Nodes are where your pods actually run. When a node fails, gets patched, or needs an OS upgrade, every pod on it is affected. The Kubernetes model treats nodes as cattle, but workloads expect continuity.

The gap between theory and "this drain has been stuck for 45 minutes" is where this topic lives. Most node incidents come from three areas: nodes going NotReady, drains stuck on PodDisruptionBudgets, and DaemonSets blocking eviction.

Under the hood: The kubelet sends heartbeats to the API server via NodeStatus updates (default every 10 seconds) and Lease objects (default every 10 seconds). The node controller uses a node-monitor-grace-period (default 40 seconds) — if no heartbeat arrives in that window, the node is marked NotReady. After pod-eviction-timeout (default 5 minutes), pods are evicted. These timers directly affect your failover speed.

Core Concepts¶

1. Node States and Conditions¶

The kubelet reports conditions via heartbeat:

Condition	Meaning
Ready	Kubelet healthy, accepts pods
NotReady	Kubelet unhealthy or unreachable
SchedulingDisabled	Cordoned, no new pods
MemoryPressure	Node low on memory
DiskPressure	Node low on disk

kubectl get nodes
kubectl describe node <name> | grep -A5 Conditions

When a node goes NotReady, the node controller waits pod-eviction-timeout (default 5m) before evicting pods. During this window, pods may still be running but unreachable -- split brain risk.

2. Kubelet Registration¶

Debug clue: If a new node never appears in kubectl get nodes, check the kubelet logs first: journalctl -u kubelet -f. The three most common registration failures are: (1) the kubelet cannot reach the API server (firewall, wrong API endpoint in kubelet config), (2) TLS certificate issues (bootstrap token expired, clock skew causing cert validation failure), and (3) hostname collision (two nodes registering with the same name — the second one fails silently).

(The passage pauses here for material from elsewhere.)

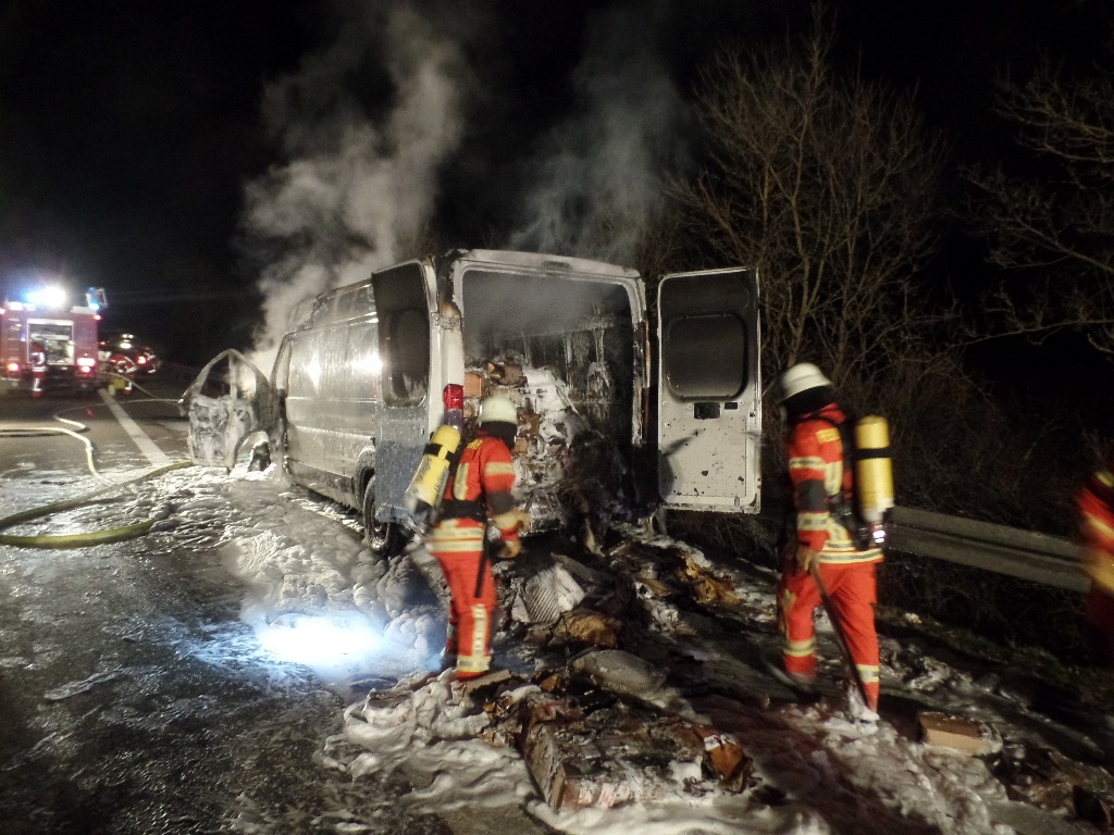 Am Dienstagabend wurde die Feuerwehr Engen zu einem brennenden Fahrzeug alarmiert. Beim Eintreffen der Einsatzkräfte wurde ein voll beladener Transporter im Vollbrand vorgefunden. Das Feuer wurde mir zwei Schaumrohren und eine C-Rohr gelöscht. Da die Ladung ebenfalls Feuer geladen hatte wusste das Fahrtzeug von zwei Atemschutztrupps entladen und abgelöscht werden. Parallel dazu wurde die Einsatzstelle abgesichert und ausgeleuchtet.

On startup, the kubelet registers with the API server (name, resources, labels, taints). If it fails, the node never appears. Common causes: cannot reach API server, certificate issues, hostname collision.

systemctl status kubelet
journalctl -u kubelet -f

3. Taints and Tolerations¶

Analogy: Think of taints as a "No Trespassing" sign on a node, and tolerations as a permission slip that lets specific pods ignore the sign. The effect (NoSchedule, PreferNoSchedule, NoExecute) determines how aggressively the sign is enforced — from "please avoid" to "get out now."

Taints on nodes repel pods. Tolerations on pods let them schedule on tainted nodes.

kubectl taint nodes node1 maintenance=true:NoSchedule
kubectl taint nodes node1 maintenance=true:NoSchedule-

Effect	New Pods	Existing Pods
NoSchedule	Blocked	Unaffected
PreferNoSchedule	Avoided	Unaffected
NoExecute	Blocked	Evicted

4. Cordoning and Draining¶

Cordoning stops new pods. Draining evicts existing pods.

Remember: The drain workflow mnemonic: "CDC" — Cordon (stop new pods), Drain (evict existing pods), unCordon (allow pods again). Always cordon before drain. Drain without cordon still works, but new pods might land on the node while you are draining it.

kubectl cordon node1
kubectl drain node1 \
  --ignore-daemonsets \
  --delete-emptydir-data \
  --timeout=300s
kubectl uncordon node1

Flag	Purpose
`--ignore-daemonsets`	Skip DaemonSet pods
`--delete-emptydir-data`	Allow emptyDir deletion
`--force`	Delete unmanaged pods
`--timeout`	Abort if drain takes too long

5. PodDisruptionBudgets (PDBs)¶

PDBs declare how many pods must remain available during voluntary disruptions (drains).

apiVersion: policy/v1
kind: PodDisruptionBudget
metadata:
  name: myapp-pdb
spec:
  maxUnavailable: 1
  selector:
    matchLabels:
      app: myapp

PDBs are the #1 cause of stuck drains. If you have 3 replicas and minAvailable: 3, no pod can ever be evicted. The drain hangs forever.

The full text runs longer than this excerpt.